* [TASK REQUIREMENTS]: Output nothing but the lines from the first line of the listing below through the line containing "El Gobierno Municipal", printed exactly and free of pictures.

* [DATASET EXCERPTS]:

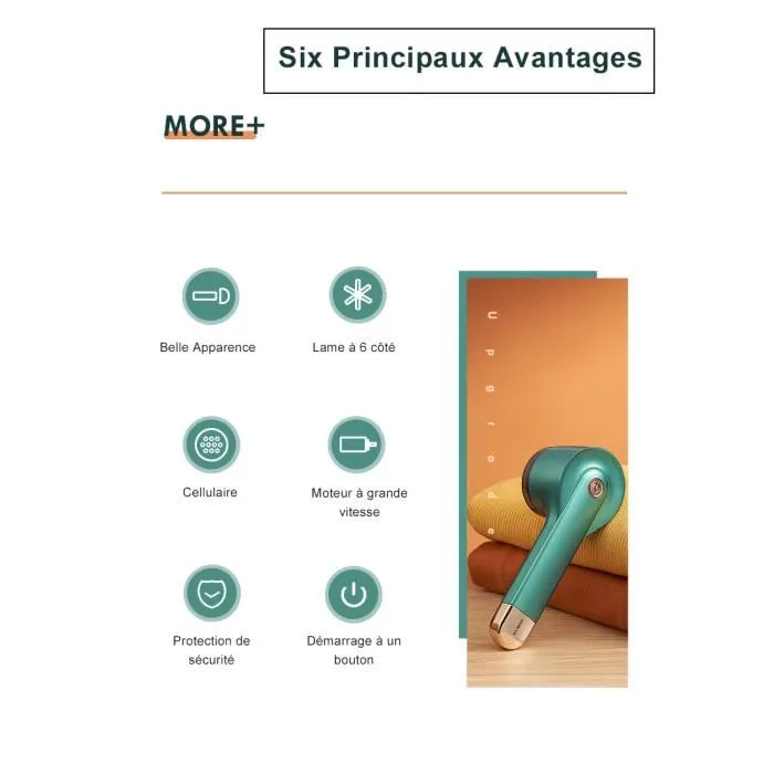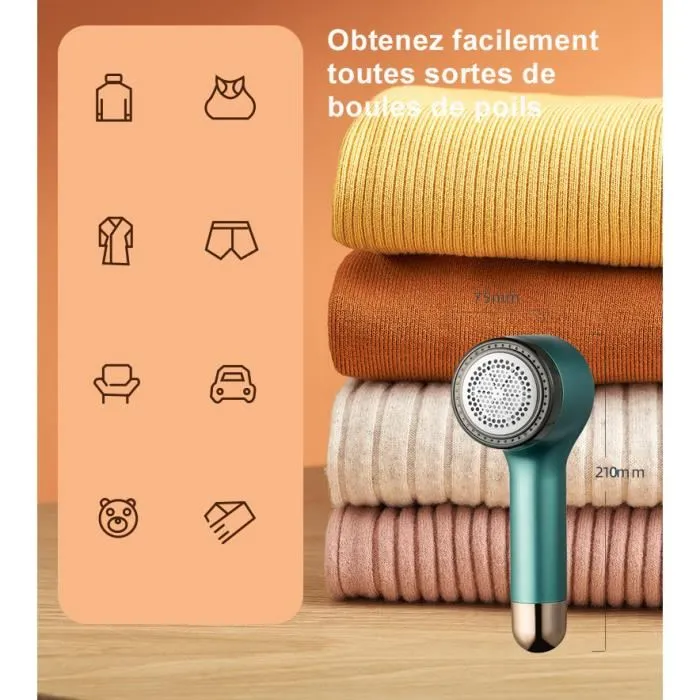 - ✔️ Élimine efficacement peluches, bouloches, fils tirés et fibres mortes.
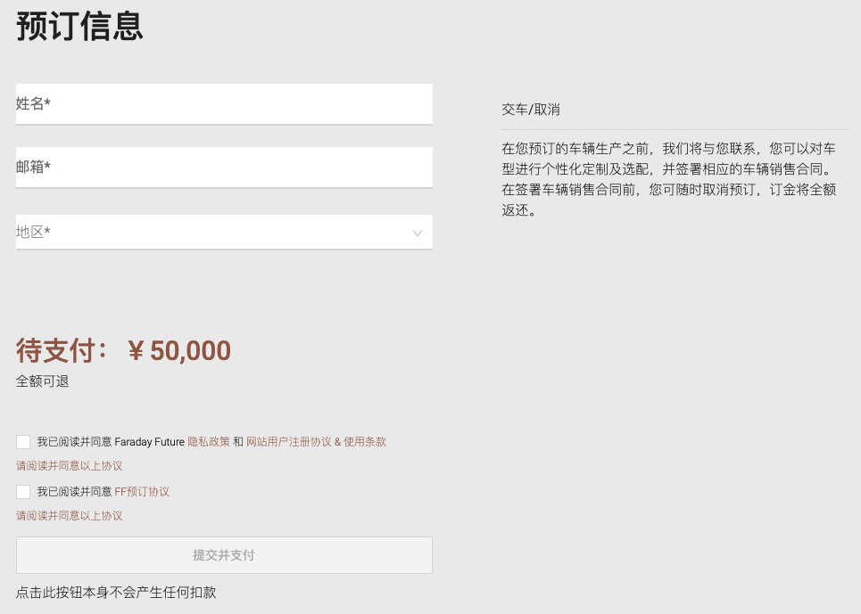 法拉第未来在其官网上正式开启了FF91的量产车型预订,订金为5万元,在正式签署销售合同前可随时选择退款。最终的量产车型将会在今年9月21日于美国正式发布。具体上市时间定在2022年上半年。
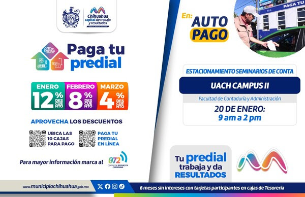 El Gobierno Municipal de Chihuahua invita a la comunidad a aprovechar un descuento del 12% en el pago del impuesto predial. Esta oferta estará disponible este sábado 22 de enero, de 9:00 a.m. a 2:00 p.m., en el servicio de autopago ubicado en el estacionamiento de Seminarios de la Facultad de Contaduría y Administración de la Universidad Autónoma de Chihuahua.
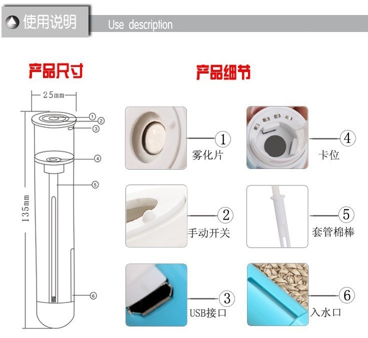 配置:1X彩盒包装、1XUSB连接线、2X棉棒、1X加湿器、1X说明书.
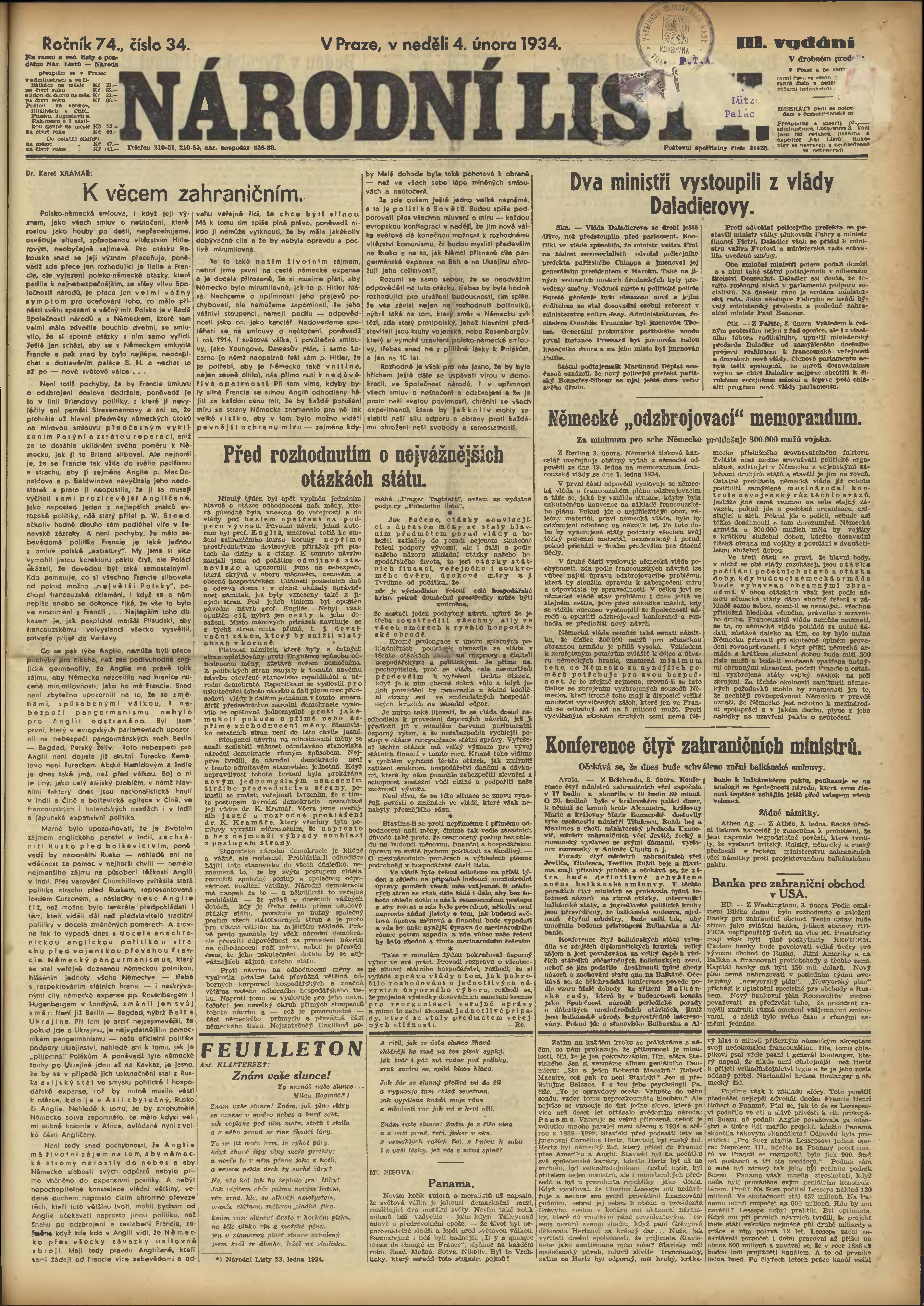 * Datum vydání ročníku: 1934 Číslo ročníku: 74
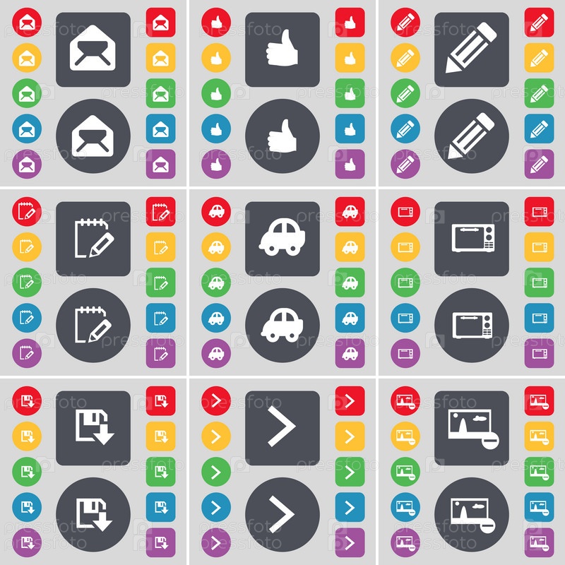Сообщение, как карандаш, блокнот, автомобиль, микроволновая печь, дискеты, символ r иконка. большой набор плоских цветных кнопок для вашего дизайна. вектор

* [TASK SOLUTION]:
 - ✔️ Élimine efficacement peluches, bouloches, fils tirés et fibres mortes.
 法拉第未来在其官网上正式开启了FF91的量产车型预订,订金为5万元,在正式签署销售合同前可随时选择退款。最终的量产车型将会在今年9月21日于美国正式发布。具体上市时间定在2022年上半年。
 El Gobierno Municipal de Chihuahua invita a la comunidad a aprovechar un descuento del 12% en el pago del impuesto predial. Esta oferta estará disponible este sábado 22 de enero, de 9:00 a.m. a 2:00 p.m., en el servicio de autopago ubicado en el estacionamiento de Seminarios de la Facultad de Contaduría y Administración de la Universidad Autónoma de Chihuahua.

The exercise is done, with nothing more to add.